Human organotypic bioconstructs from organ-on-chip devices for human-predictive biological insights on drug candidates.

Introduction: Historically, drug development and marketing failures have been experienced by pharma organizations largely from insufficient human-predictability of biological data. Areas covered: Organs-on-chips (OOCs) are emerging, cutting edge microphysiology systems for in vitro production of microengineered three-dimensional, miniature organotypic constructs obtained by cultivating small amounts of human primary, or induced pluripotent stem, cells in native-like microhabitats. These preparations circumvent experimental limitations inherent to animal assays and two-dimensional monolayers, the mainstay core biological assays of traditional drug research. This report reviews the fundamental tenets, key components (chip plate, biomaterials, cell differentiation approaches, and monitoring sensors) and issues concerning OOC systems (engineered top-down and bottom-up strategies for tissue/organ assembly, public aids to OOC development, regulatory validation, advantages, limitations, prospective and perspective of OOCs, ethics).

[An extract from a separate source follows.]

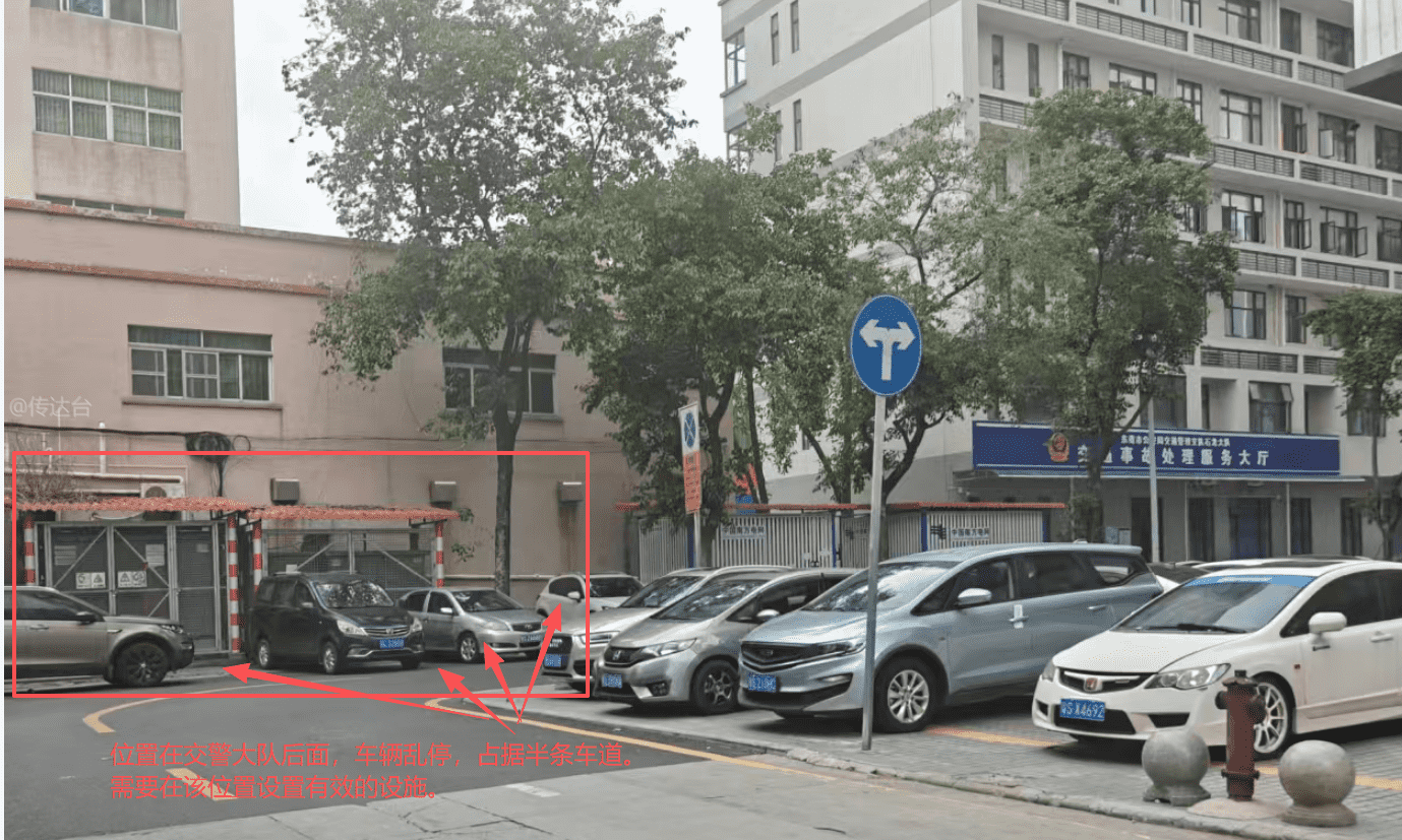 1. 石龙交警大队后面方向转弯路口(图片 1) 该路口为车辆转弯的关键节点,目前有大量车辆长期停放在红色标注的转弯区域,占据了半条车道。 隐患:车辆转弯时视线被完全遮挡,双向来车均无法预判对方动向,该路口已多次发生刮擦、碰撞事故。 诉求:在该转弯路口设置防违停设施(如隔离桩、护栏、禁停标线),彻底杜绝车辆在转弯区域违停,保障转弯车辆的视线和通行空间。 2. 黄州消防队后方至凯旋湾楼盘路段(图片 2) 该路段为双向通行道路,目前道路两侧长期被违停车辆占据,原本的双向车道被压缩为 “单车道”。 隐患:会车时需反复倒车避让,通行效率极低,早晚高峰极易造成拥堵;同时违停车辆遮挡非机动车和行人,存在严重安全隐患。 诉求:对该路段增设中央隔离护栏,分隔双向车流,同时在道路两侧增设禁停标线或隔离桩,禁止车辆占用车道违停,恢复双向通行功能。 3. 凯旋湾与龙城国际之间的龙升路交汇路口(图片 3) 该路口本就通行空间有限,目前路口两侧、龙升路转入该路段的转角位置,长期有车辆违停。 隐患:违停车辆完全遮挡了驾驶员的视线,无论是从龙升路转入该路段,还是从该路段驶出转入龙升路,都存在严重的视觉盲区,极易因无法预判路况引发交通事故。 诉求: 在路口两侧的转弯角增设防违停警示柱 隔离桩,禁止车辆停放在转角区域; 完善路口的禁停标线和导向标线,明确通行边界,消除视线盲区。 4. 黄州消防队旁路段(图片 4) 该路段路面标线规范清晰,但单侧长期被违停车辆占用,双向车道被迫变为单向通行。 隐患:车辆会车困难,通行秩序混乱,原本良好的道路通行条件被完全破坏。 诉求:在该路段增设中央隔离护栏,分隔双向车流,同时对违停行为加强巡查执法,恢复道路的正常双向通行功能。
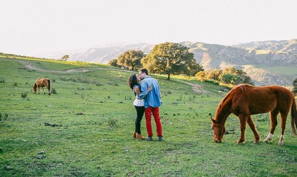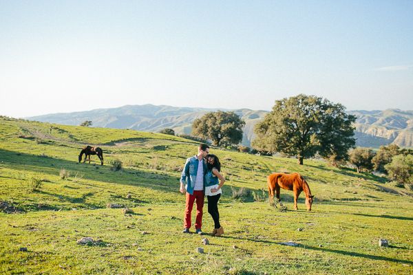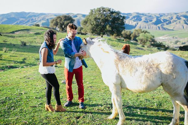 If we told you what happened during this engagement session you would never believe us.  Cami Jane went out with Christina and Tim to capture this exciting time in their lives and found one of the most beautiful spots in Orange County.  Not only did they have all the urban and rustic pieces they could ever imagine with this cool shed area, but as they ventured out into the fields they stumbled upon some wild horses grazing!  The horses even let them get close enough to touch and get some incredible images with.  We can’t get enough of how much this looks and feels like a dream!

Examples of OOC platforms (cancer-, lung-, blood-brain barrier-, heart-, intestine-, kidney-, liver-, pharmacokinetics-, placenta and vessel-on-chip) and their importance for drug research and development are presented. Expert opinion: OOC device-generated bioconstructs hold great promise as experimental human tissue and organ platforms for generating human-pertinent knowledge on drug candidates for clinical assessment and reducing reliance on animal models. MPS technologies currently enable ready-to-assemble tissue patches and, hopefully, in coming decades, full-size, patient-personalized organs for regenerative medical interventions.